Mosquito Bowl of 1944 filled with more than football heroes

The endless college football bowl season is upon us. Beginning with the Myrtle Beach Bowl, and mercifully ending Jan. 8 with the College Football Playoff National Championship game, 43 games will be played.

No football game ever played, or ever to be played, will exceed the drama surrounding the Mosquito Bowl, played on insect-infested Guadalcanal in 1944. The 4th and 29th U.S. Marine Corps regiments faced off before their next stop, Okinawa.

The Mosquito Bowl evolved from a bold claim that Brown University and eventual New York Giants superstar John McLaughry made to his father. Young McLaughry claimed that the 4th Regiment could go toe-to-toe with the NFL champion Chicago Bears. McLaughry backed off a bit but still maintained that the 4th and the 29th combined could beat any team, anywhere.

To lift the Marines’ spirits, the brass OK’d a football game between the 4th and the 29th for Christmas Eve 1944. The regiments had long debated which would prevail if they ever met on the football field. By kickoff time, there was a regulation-size field with goalposts, programs with roster information, a marching band and more than 1,000 spectators. The excitement was so high that the Marine radio network broadcast the game, and wagering was at a feverish level.

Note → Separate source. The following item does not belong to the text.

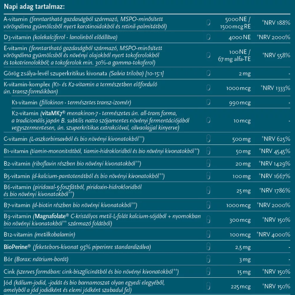 Bár minden felhasznált hatóanyagforma eleve kiváló felszívódással rendelkezik, azt Bioperine® feketebors-kivonattal is fokoztuk. Továbbá arra is ügyeltünk, hogy a vízoldékony és zsíroldékony összetevőket ne keverjük, hogy a számukra ideális hasznosulást és stabilitást biztosító módon lehessenek jelen, külön-külön:

With its six early-round professional draft picks, the star-studded 29th took the field against the 4th, which had players who had professional careers with the Detroit Lions, the Green Bay Packers and the Chicago Cardinals.

The gridiron was dirt and gravel without a blade of grass. Two-handed tag, the official rule, was ignored. The Marines played in t-shirts and torn-off khakis. Although they came away battered and bruised, no one complained. The game, which ended in a 0-0- tie, distracted from training for the Okinawa invasion that they correctly described as being “bound for hell.”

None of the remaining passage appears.